The PT-65 has easily paid back its modest sticker price with three years of faithful service. Trouble is, I like using it so much that it's gotten to be kind of a pain to pull it out and Blackberry-thumb-type my bajillion labels via its teeny keys. Now, I want something that hooks up to my Mac.

Josh Carter's gotten me interested in the Dymo LabelWriter 330 Turbo via this handy tutorial from late last year, which covers basic setup info, plus a tip on speeding up the creation of a new label with Quicksilver.

Josh has good stuff to say about the 330:

The advantages of the LabelWriter, as I see it:

  • The Dymo software is easy to configure for "power user mode" which eliminates all the extra dialog baggage, and then it's wicked fast to use. (Doubly so with Quicksilver in the mix.)
  • You get to use your computer's nice keyboard. This is especially important for me since I use the Dvorak key layout.
  • The Dymo labels are cheap and look totally pro, even better than a stand-alone label maker.
  • Labels are the same size, so reusing a folder is as simple as sticking a new label over the old one, and it still looks nice.
  • You can use fancy Mac OS X features like printer sharing if needed. (I tried it, it works great.)

Anybody using one of these units or similar?
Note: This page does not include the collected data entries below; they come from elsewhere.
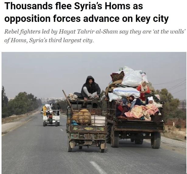 反政府武装11月30日进入叙第二大城市阿勒颇的大部分地区。12月5日,反政府武装宣布控制叙中部城市哈马。哈马失守后,守卫首都大马士革的最后一道重要防线只剩下霍姆斯。
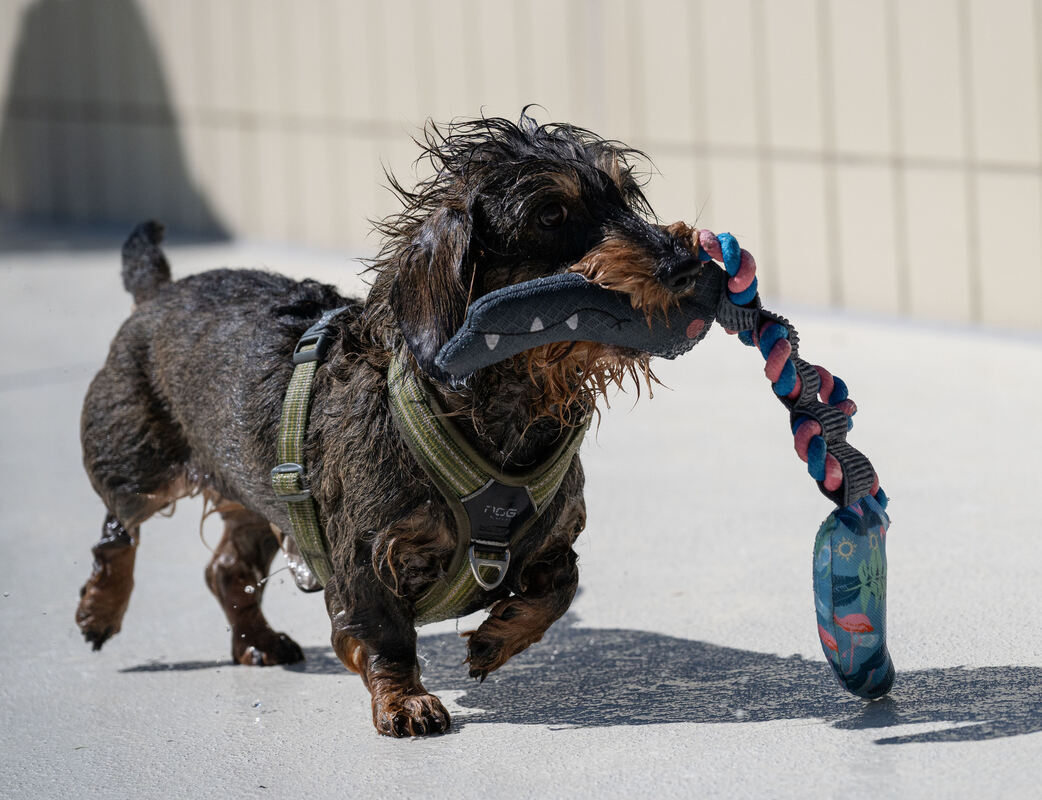 Weniger actionreich, dafür umso gemütlicher ging es bei Bulldogge Hugo zu. Sein Frauchen Kathrin Schwinge aus Frickenhausen versuchte, ihn mit der Leine sanft ins Wasser zu locken. Auf die Frage, ob er denn keine Wasserratte sei, antwortete Schwinge: »Es geht so.« Und ergänzte humorvoll: »Er ist eine Katze, gefangen im Körper eines Hundes und möchte lieber schmusen.« Wie ein Wirbelwind dagegen war Dackel Luise dauernd in Bewegung und mit Apportieren ihres Spielzeugs beschäftigt. Am Ende des Tages waren sich alle Besucher einig: Das Hundeschwimmen im Wellenfreibad Reutlingen war auch dieses Jahr ein voller Erfolg – ein tierischer Abschluss der Badesaison, der längst Kultstatus erreicht hat. (GEA)
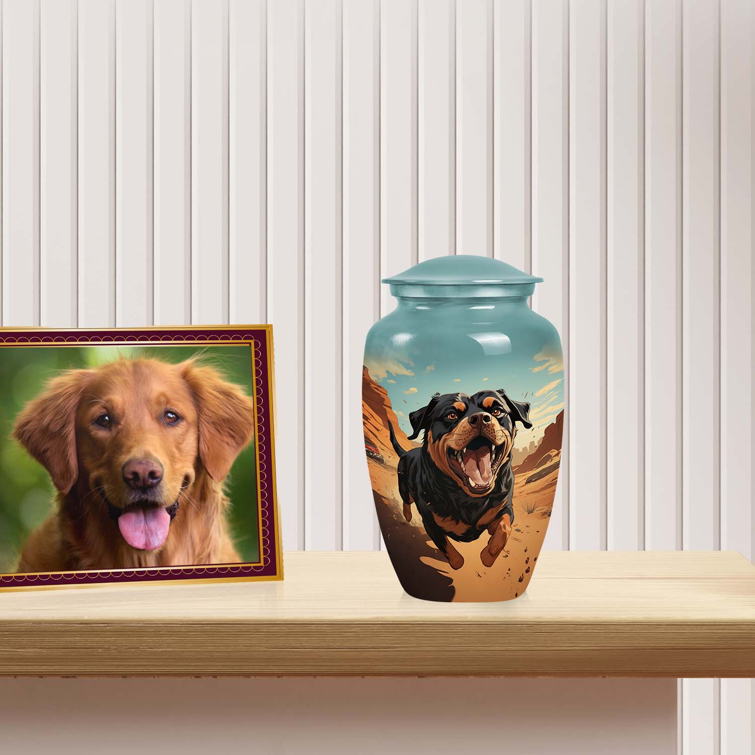 Crafted with care and compassion, this urn stands among the best pet urns for those seeking both quality and sentiment. Its design captures the loyal essence of the Rottweiler while providing a safe and dignified resting place for your pet’s ashes. The elegant finish and smooth contours make it a perfect pet keepsake box for display in your home, offering peace and remembrance every time you see it. Whether you’re looking for chewy pet urns or something uniquely handcrafted, this urn brings timeless beauty and meaning to your memorial.

Care to recommend a label maker of any brand that hooks up via USB and works well with Tiger/OS X? I ♥ my little Brother, but I'm ready for Label Maker 2.0!

Liam's picture

I bought a newer version...

I bought a newer version (the Labelwriter 400) of these when they first came out in Australia a few months ago, and I ended up taking it back for a refund. I wanted it for file folders and CD/DVD labels. The idea is good -- but the execution is lacking. When I loaded a roll of labels and launched the software, the first label would print fine, but subsequent labels would drift from centre -- the feeder didn't do a good job of keeping things aligned. For larger mailing labels it probably would be a problem (or not often), but for smaller labels like those I was using, it just didn't do a very neat job. The print quality was adequate, though nowhere near laser quality -- the labels themselves are very thin (one of the boxes I bought with the machine was actually water-damaged).

I think a cheap inkjet dedicated to the job, a pack of Avery labels, and something like a copy of BeLight Software's Mail Factory (which lets you choose the position of the label that you're printing to, so you can re-use partially used label sheets) would do a better job.